Nomination and Election Procedures

2010 Call for Leadership Nominations –IMC Georgia Chapter Board Members and Officers for 2011 Fiscal Year

The nomination system for the IMC Georgia Chapter board members and officers consists of members submitting nominations via an online form.

Text below outlines election procedures:

2010 NOMINATIONS & ELECTIONS TIMELINE

September 15: / Call for Nominations for President, Vice President, Treasurer, Secretary (collectively referred to as "Officers") and Board of Directors nominations. (Only members can nominate; self-nominations are welcome)
October 6:
(3 weeks
/ Closing date for Board of Directors Nominations
October 22:
(2.5 weeks) / Closing date for Board of Directors nominees’ acceptance via submission of candidate statement
October 23 – 31: / Board of Directors nominees’ endorsement period by current board members; no limit on number of nominees a board member can endorse. Nomination Committee sends THANK YOU notes to members who submitted nominations as a professional courtesy.
November 2 - 16 / Members cast vote via web survey. This will serve as proxy for the Annual Members Meeting in November
November 17 / Annual Members Meeting for election of new Directors (this is done in person or via proxy submitted during the electronic casted votes)
November 30: / Board of Directors electronically ratifies results of Officer elections
December 15:
/ Final results of new Board of Directors and Chapter Officers election announced during the December Members meeting and also via electronic communication to all members
January 12, 2011 / Board and Officer Training session 2 p.m. – 5 p.m.
January 19 2011: / Official Installation of the new Chapter Board and Officers at the Event

IMC Members are encouraged to put forward nominees for Directors and the Officer positions, including:

  • President
  • President Elect
  • Vice President of Membership
  • Vice President of Marketing
  • Vice President of Programs
  • Vice President of Certification
  • Vice President of Strategic Alliances
  • Treasurer
  • Secretary.

Nominations and elections will follow the schedule detailed in the Timeline above.
All successful candidates will take office on January of the following year. Directors will serve three year terms and Officers will serveone year terms concurrently as Officers and Directors, followed by two additional one year terms as Directors.
In order to be eligible to be an Officer candidate, a person must be an IMC member in good standing, and must pledge to make every reasonable effort to attend teleconferences and Boardmeetings, as well as the face-to-face meetings and events of the IMC Georgia Chapter.
The online nomination form requires the name, affiliation, and e-mail address of the person being nominated, along with an assurance that the indicated person meets the qualifications and is willing to stand for election for the position in question. This form also requests a few sentences of justification that makes the strongest case possible for the nominee.

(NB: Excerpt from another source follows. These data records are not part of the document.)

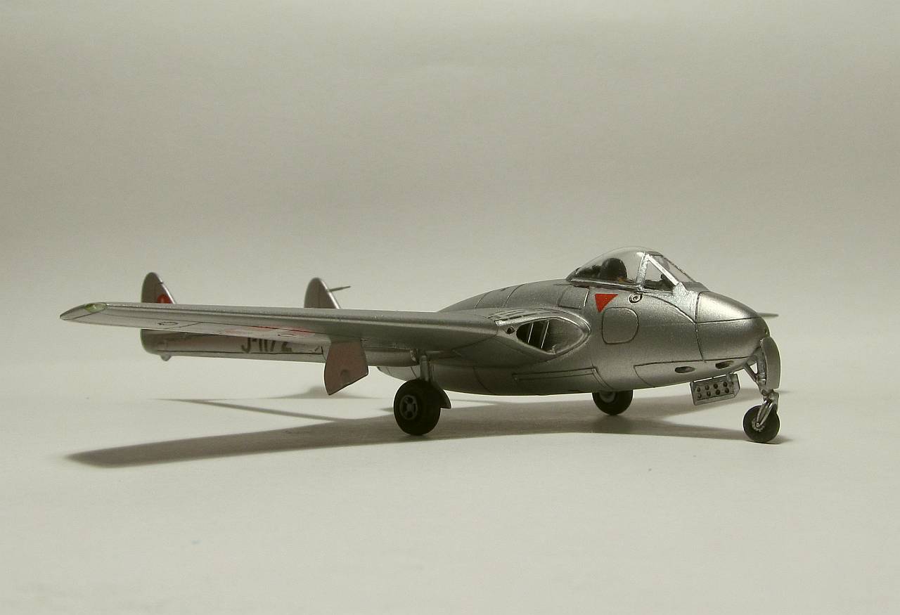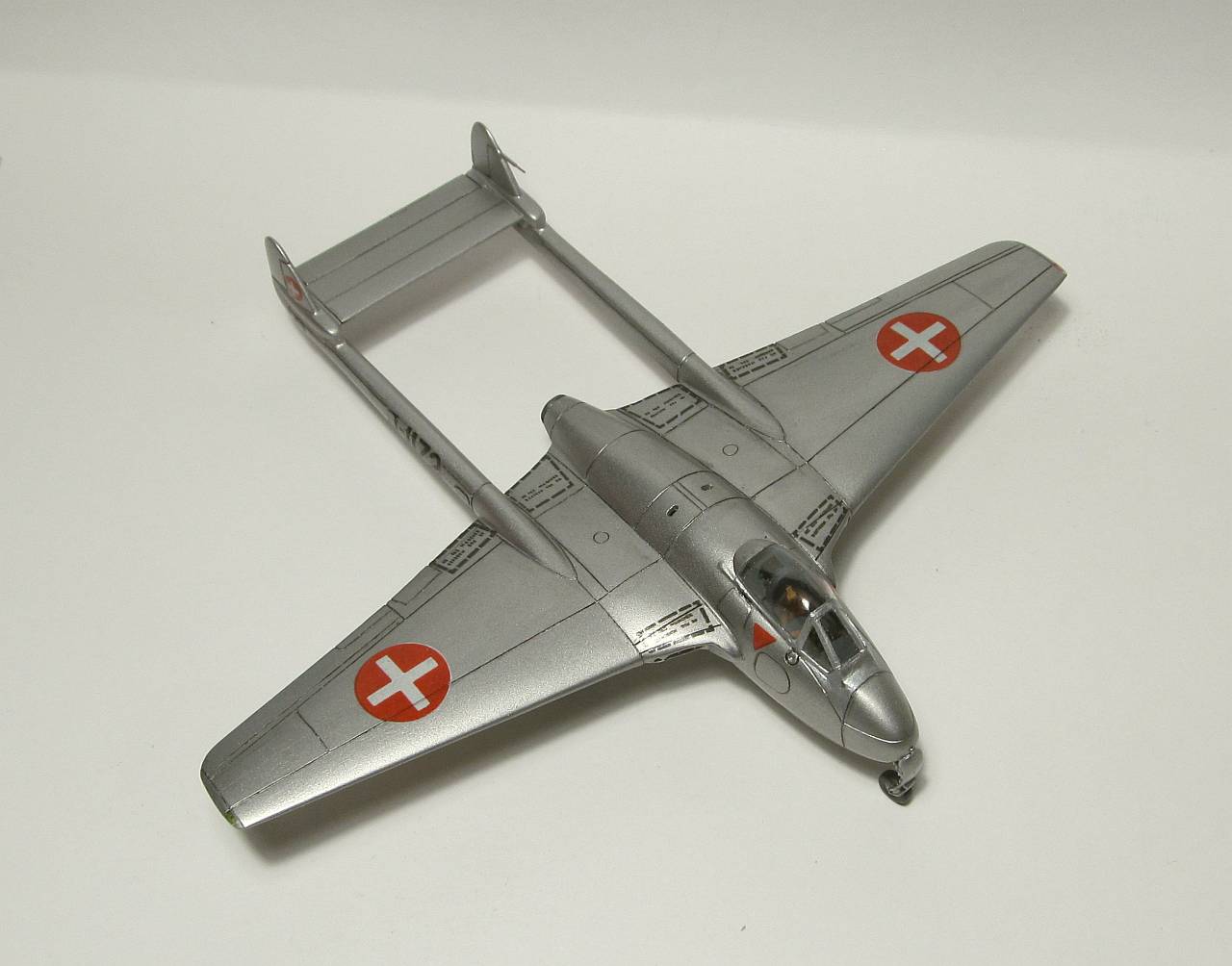 Набор, производства Бакинской фабрики игрушек в особом представлении не нуждается: без коробки и декали в жёстком, жутко шелестящем целлофановом пакете, дикий облой и утяжины - всё как мы любим. Волею случая, мне этого добра в конце 90-х досталось некоторое неприличное количество, так что и я и друзья-знакомые их тогда поклеили немало, но в виду уже помянутого недобрым словом качества наборов, особым изяществом эти модели не отличались. Где-то, примерно-наверно, в середине 00-х, я решил, что пора бы уже, однако, сделать "Вампир" как полагается, со всеми доступными мне тогда изысками. На тот момент, у меня это почти получилось, не хватило самой малости- декали. Модель встала на дальнюю полочку в ожидании деки, да так там и осталась. Давно собирался довести её до ума, в том числе и в рамках этого конкурса, ну и вот, наконец, решился. Как это выглядело перед началом работы и как она проходила можно посмотреть в соответствующей "сказке". План действий примерно был примерно такой: демонтировать шасси и фонарь, прошпаклевать утяжины (мне вот аж самому интересно, это я 15 лет назад так хреново шпаклевал, или шпаклёвка за годы усадку дала?), вышкурить по новой, поправить кривую и недорезанную расшивку, восстановить мелкую деталировку, ну и, соответственно, всё заново окрасить. Помимо перечисленного, были изготовлены БАНО, заменены колёса шасси (всё равно неправильные, но хоть издалека похожи), прорезаны отверстия гильзосборсов на "пузе" и некие овальные отверстия на "спине" самолёта. Так же выдавил новый фонарь взамен пожелтевшего старого; проточил вилку носового колеса (на фото всё равно не видно); само колесо, соответственно, пришлось ставить новое; перекрасил кокпит, добавил туда новую ручку управления с "бубликом" и спинку кресла с привязными ремнями. Окрашивал серебристой грунтовкой по пластику (автомобильная, некогда была сцежена из аэрозольного баллона). Декали, тоже раритетище от Эконики, если я ничего не путаю (урвал на "Я-моделисте" в разделе распродажа), но перевелись, на удивление, неплохо, хотя от подложки отделялись с некоторым трудом. Расшивку, по старой своей привычке, выделял, преимущественно, простым карандашом и, немного, жидким акрилом на "Фейри".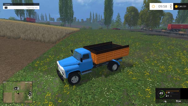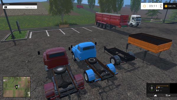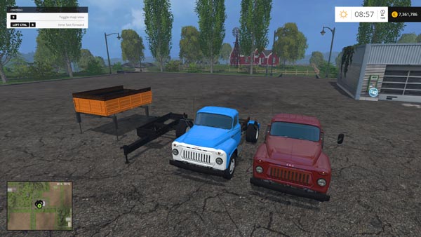 In the pack includes a GAZ-53 and GAZ-53 standard. The speed of 83 km / h. Lighting, dust from the wheels leave traces of traces, the color choice when buying (at first), washable. Cargo module to 5000 liters, transports: wheat, barley, canola, corn, sugar beets, potatoes, grass, wheat straw, barley, chaff, silage, fodder, foodmixture, wood chips, manure, wool, sand. Color choice when buying, washable. Two modules barrels, one for the transportation of gasoline ATZ-3.8 (3800 L) washable. The second for the transport of water and milk ATSPT-3,3 (3300l), washable. Sprayer “Dawn 3000-02”, volume (3000 L) washable and trailer-truck which can also cling modules color choice when buying, washable.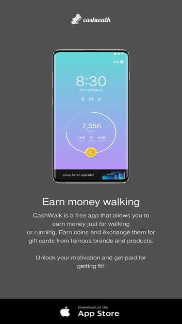 80%With this free app, you can get coins simply by walking. You can redeem them for gift cards from your favorite brands! Your steps, your wealth - with CashWalk.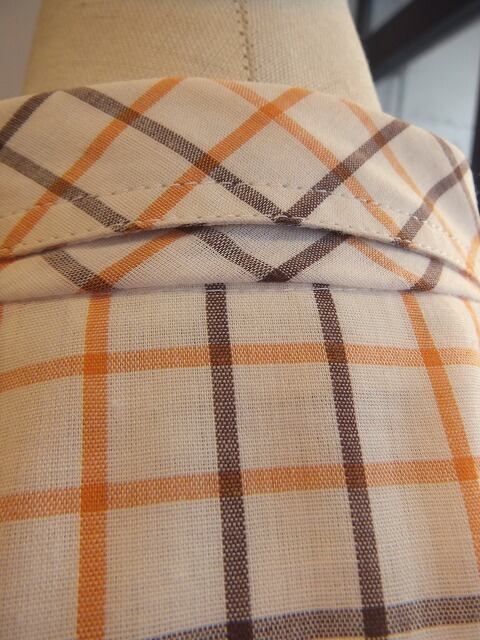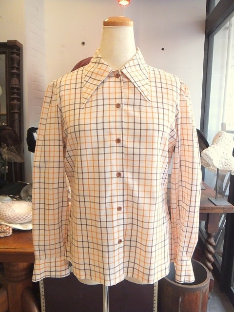 ヨーロッパ古着 ivory orange blue checkered pointed collar 60's shirt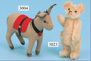 STEIFF donkey, No. 1124,1909, with button, rests of the white cloth tag label, button eyes, very good condition (nearly unused), with bell, 10.5 cm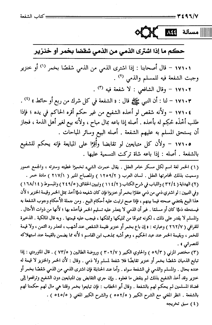 17101 - قال أصحابنا: إذا اشترى الذمي من الذمي شقصًا بخمر أو خنزير وجبت الشفعة فيه للمسلم والذمي.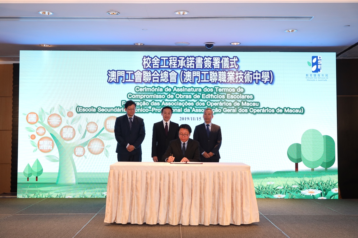 非高等教育委員會和青年事務委員會於2019年11月15日上午在旅遊塔舉行聯合座談會。會議前,首先舉行了簽署儀式,在社會文化司司長譚俊榮的見證下,教育暨青年局局長老柏生與7個辦學實體的代表進行了改善學校教育環境各項工作簽署儀式及校舍工程承諾書簽署儀式。包括與聖安東尼教育會簽署了加入免費教育學校系統承諾書及“藍天工程”計劃意向書,與澳門德明學校教育協進會簽署了“藍天工程”計劃意向書,與天主教澳門教區、澳門工會聯合總會及澳門葡文學校基金會簽署了教育用地使用意向書,與澳門工會聯合總會、教業中學教育協進會、鮑思高慈幼會簽署了校舍工程承諾書。出席簽署儀式的,還有各個辦學實體代表、學校代表、非高等教育委員會委員、青年事務委員會委員,以及教育發展基金行政管理委員會成員。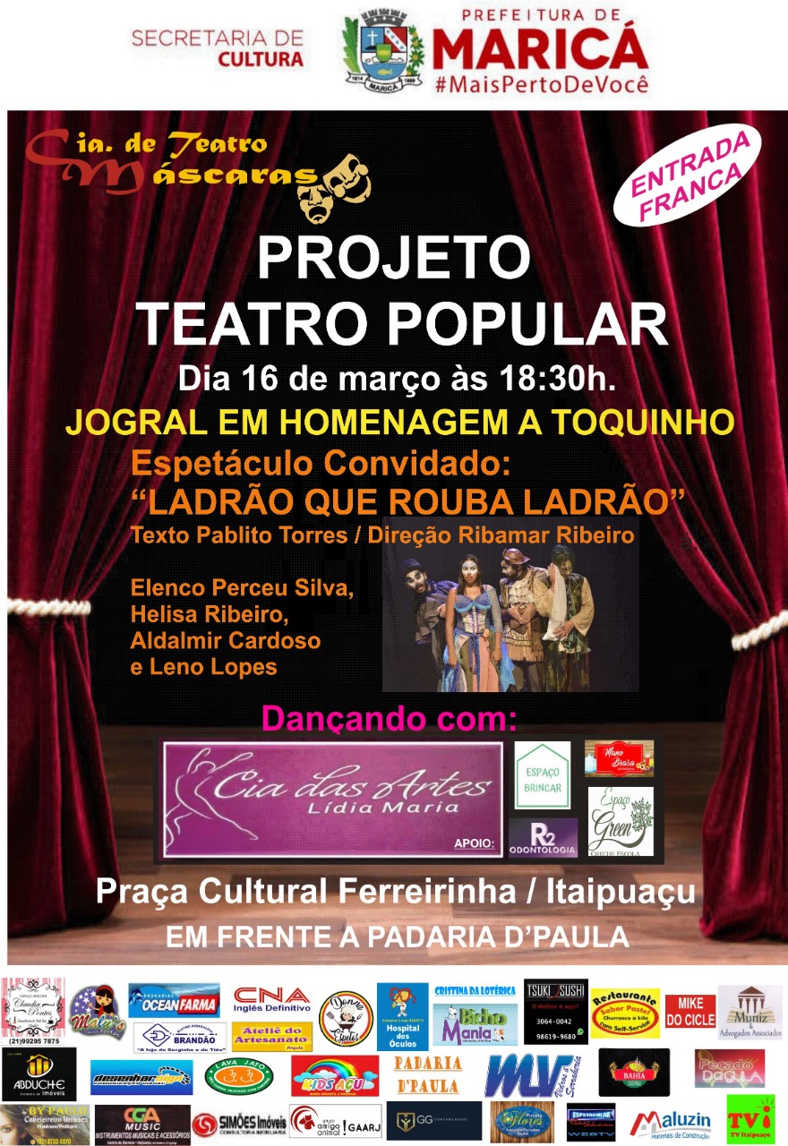 Antes de mais nada, você já levou seu filho ao teatro? Ir ao teatro é cultura, antes de ser entretenimento ou simples passeio. É um momento de compartilhamento de emoções que são despertas naqueles momentos. Agora imagine ir ao teatro numa praça!!! Dessa forma, o Projeto Teatro Popular apresenta a peça “Ladrão que rouba ladrão” , neste sábado (16) às 18:30 h na Praça do Ferreirinha, Itaipuaçu. Venha gargalhar com a atuação dos atores Perceu Silva, Heliza Ribeiro, Adalmir Cardoso e Leno Lopes.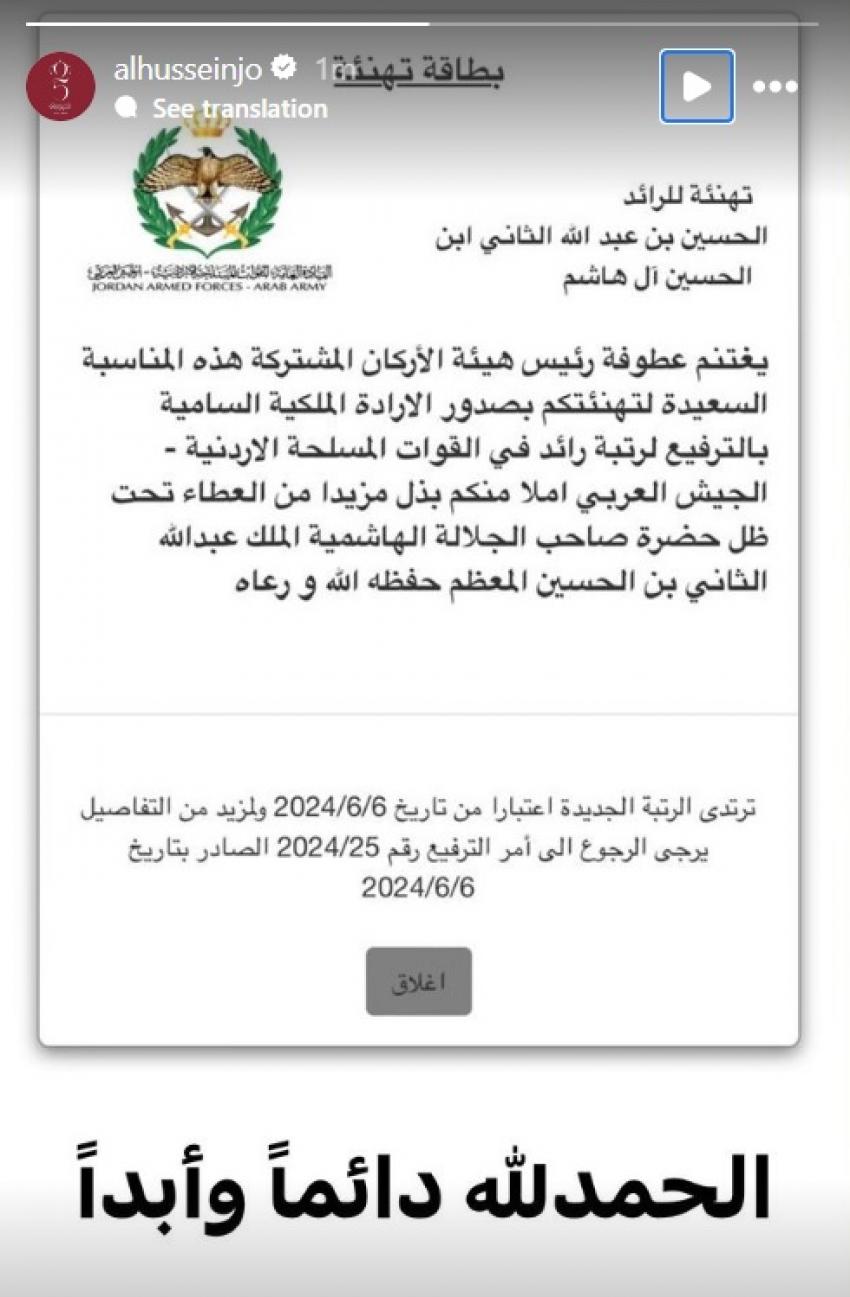 نشر ولي العهد الأمير الحسين بن عبدالله الثاني، عبر حسابه في موقع تبادل الصور انستغرام صورة لبطاقة التهنئة بمناسبة ترفيعه إلى رتبة رائد في الجيش العربي، بعد صدور الإرادة الملكية السامية.

CURRICULUM VITAE (Experience)

Each candidate for office will complete an online questionnaire requesting the following. Especially important is the last question in which the candidate states his/her goals and objectives if elected to be an office holder of IMC.

  • Name, Position Title, Address
  • E-mail Address, Telephone, Cell
  • Education: Institution and Degree[s]
  • Year(s), Field(s) of Professional Consulting Experience
  • CMC Certification Status
  • Honors, Awards, publications,other significant contributions to the Management Consulting Profession and to the community at large
  • Statement of Issues of Greatest Importance to IMC
  • Statement of Personal Objectives for IMC Georgia Chapter

CRITERIA FOR SELECTION
From the collection of nominees, the Nomination Committee will evaluate the candidates and, from this evaluation, select a credentialed list for presentation to the Board of Directors for their review. The main criteria for this evaluation will be the following criteria:

  • Evidence of willingness to carry out the responsibilities of the office.
  • The quality of the statement regarding goals while in office will be heavily weighted in the decision. Diversificationof backgrounds to enhance the make-up of the Board. Achievements (relatively young consultants will have an equal chance with more seasoned ones).

ELECTRONIC VOTING BY MEMBERS FOR OFFICER CANDIDATES
Voting and announcement of results will take place following the schedule detailed in the Timeline above.

BOARD OF DIRECTORS – From the Bylaws

ARTICLE I.
BOARD OF DIRECTORS

SECTION 1.GOVERNANCE

The affairs of the Chapter, including but not limited to its overall policy, general control of activities, funds, membership, property and programs, shall be vested in a Board of Directors of the Chapter, subject to the rules, regulations, policies, directions and oversight of the Board of Directors of the Institute.

SECTION 2.COMPOSITION

The Board of Directors shall consist of such number of members as the Board may from time to time designate. The majority of the Board of Directors shall be Certified Management Consultants. The Immediate Past President shall be a member of the Board of Directors.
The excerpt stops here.